“I don’t say we have any very big troubles to bear,” said Betty. “I—I almost sometimes find myself wishing we had—”

“Oh, Betty, don’t,” said her sister quickly, “don’t wish anything like that!”

“No,” said Betty, “I wasn’t going to say quite what you thought. I mean I wish anything big would come into our lives! Anything really interesting, and—well, yes! I may as well own it—anything exciting! It is all on such a dull, dead level, and has always been the same, and always will be, it seems to me. And when one is no longer very young the spring and buoyancy seem to go. When I was seventeen or eighteen I’d all sorts of happy fancies and expectations, but now—why, Francie, I’m twenty-four, and nothing has come.”

For a moment or two Frances walked on in silence.

“I dare say,” she said at last, “if we knew more of other lives, we should find a good many something like ours. And after all, Betty, one’s real life is what one is oneself.”

Betty laughed slightly. Her laugh was not bitter, but without any ring of joyousness.

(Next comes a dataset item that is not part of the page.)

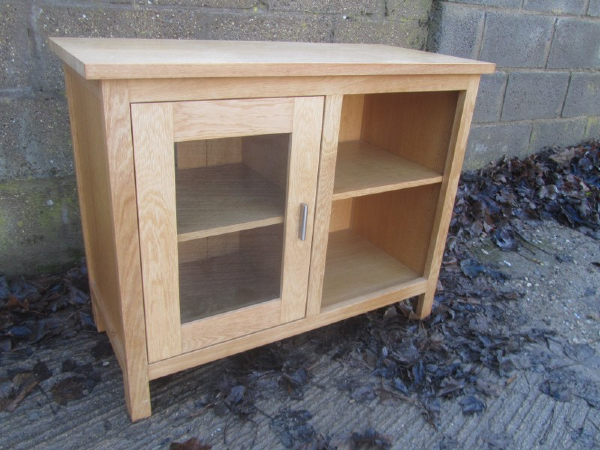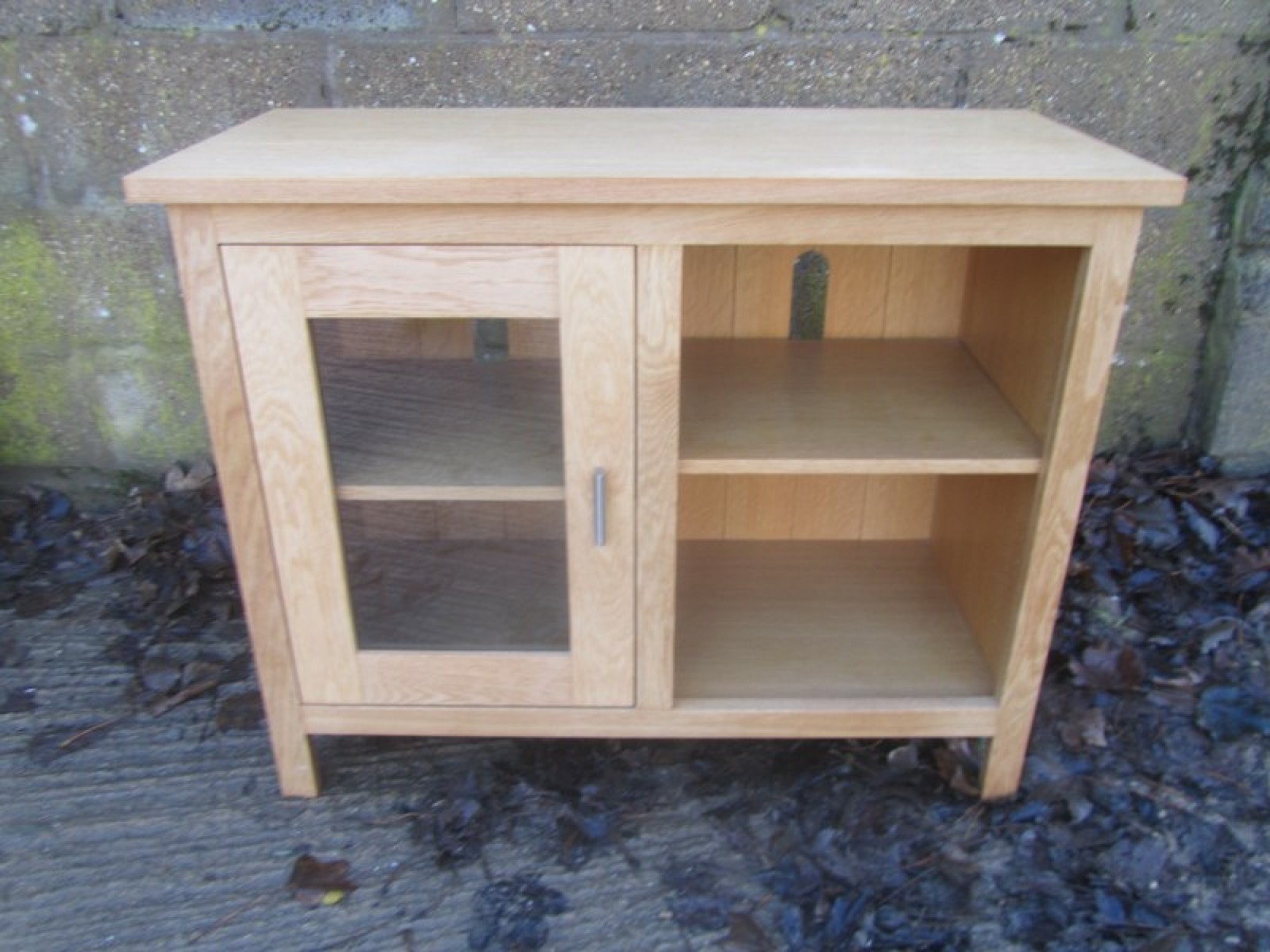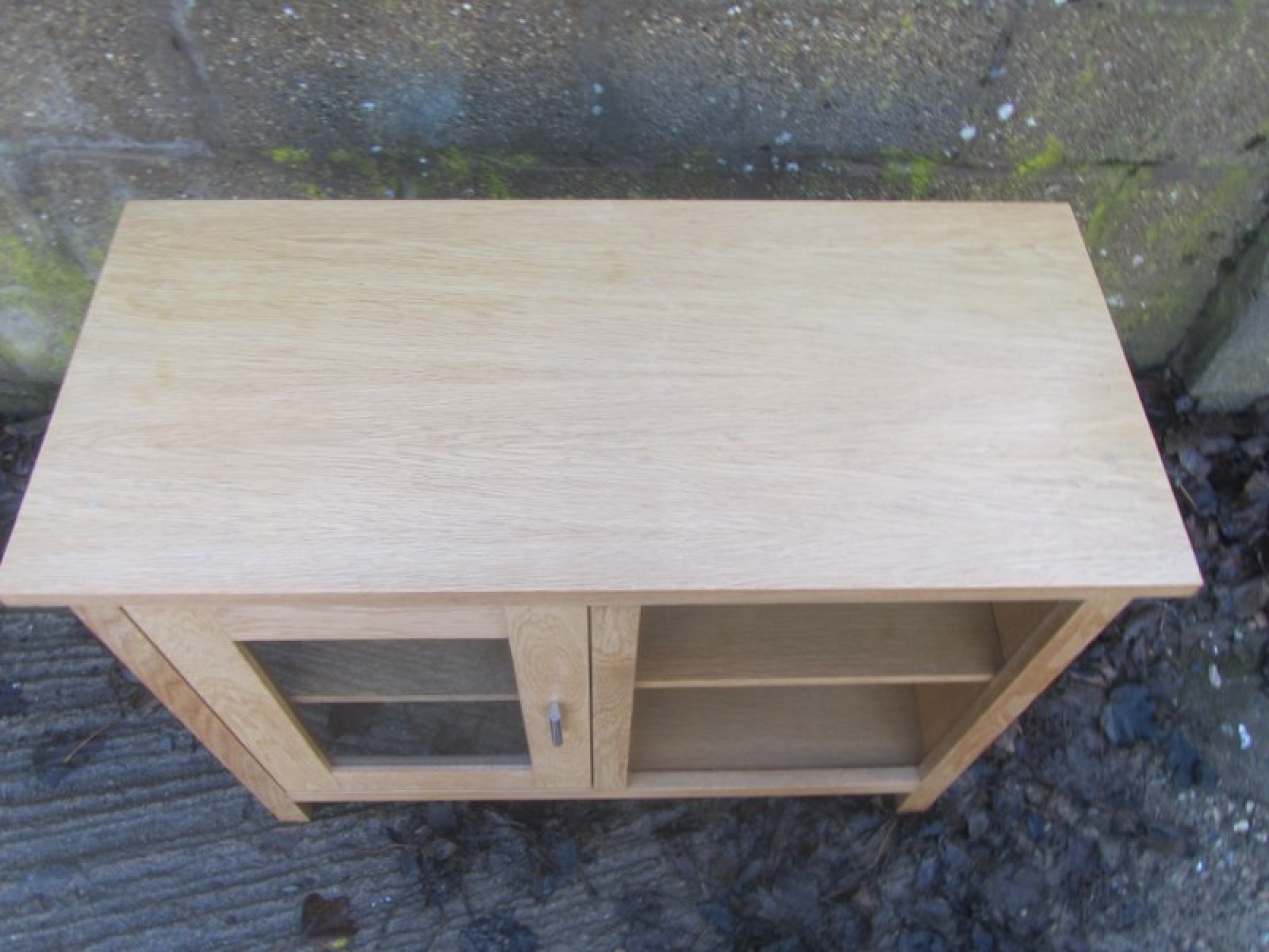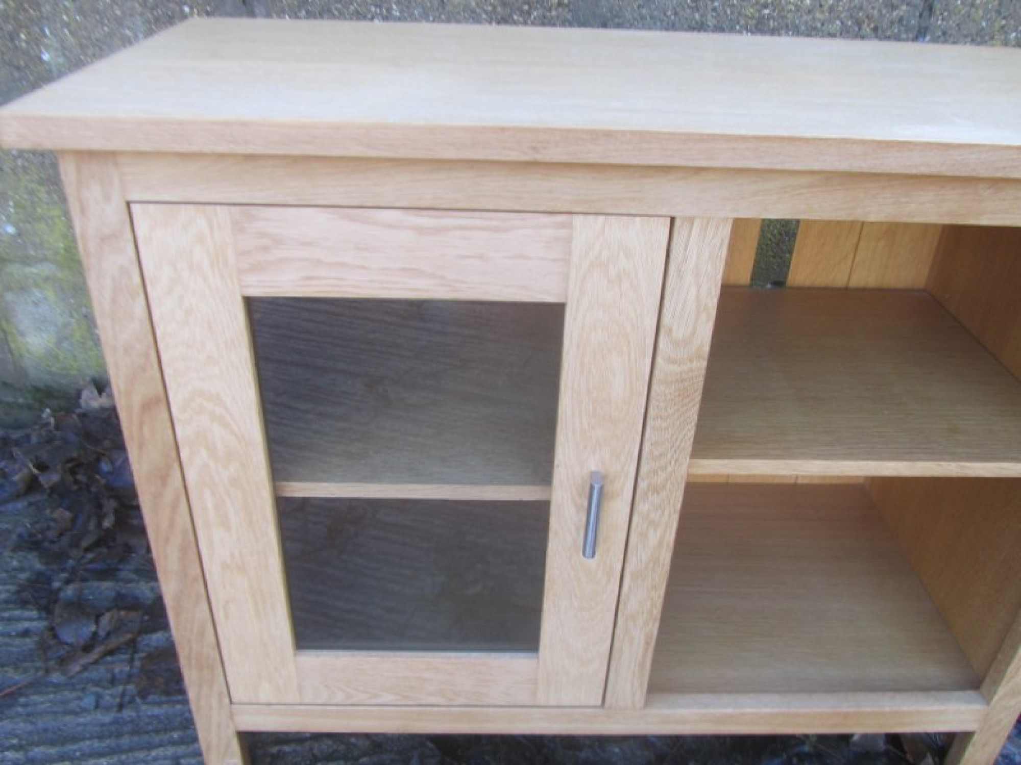A MODERN TV UNIT / SIDEBOARD, OAK VENEERED, IT IS STRONG AND STURDY. GOOD CONDITION.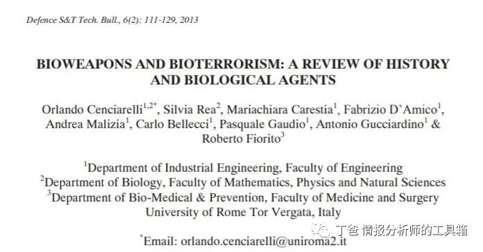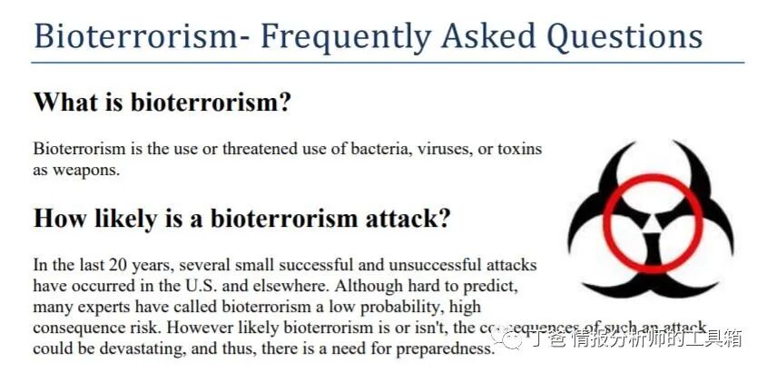 前天给大家分享了【资料】生物恐怖主义相关资料(1)

“I know that,” she said. “But it doesn’t do me any good. It’s just myself that depresses me. I’m not big enough, nor brave enough, nor anything enough, to rise above circumstances, as people talk about. I want circumstances to help me a little! And I don’t ask anything very extravagant, I know.

“No, Frances,” she added, “you’re not—not quite right. I think I could bear things better and feel more spirit if you would allow that our lives are exceptional in some ways.”

“Perhaps so,” the elder sister agreed.

“You know,” continued Betty, “it isn’t fallings in love or marriage that I’m talking about. I really and truly very seldom think of anything of that kind, though of course, in the abstract, I can see that a home of one’s own, and the feeling oneself a centre, is the ideal life; but heaps of girls don’t marry, and there are plenty, lots of other interests and objects to live for, which we are unusually without!”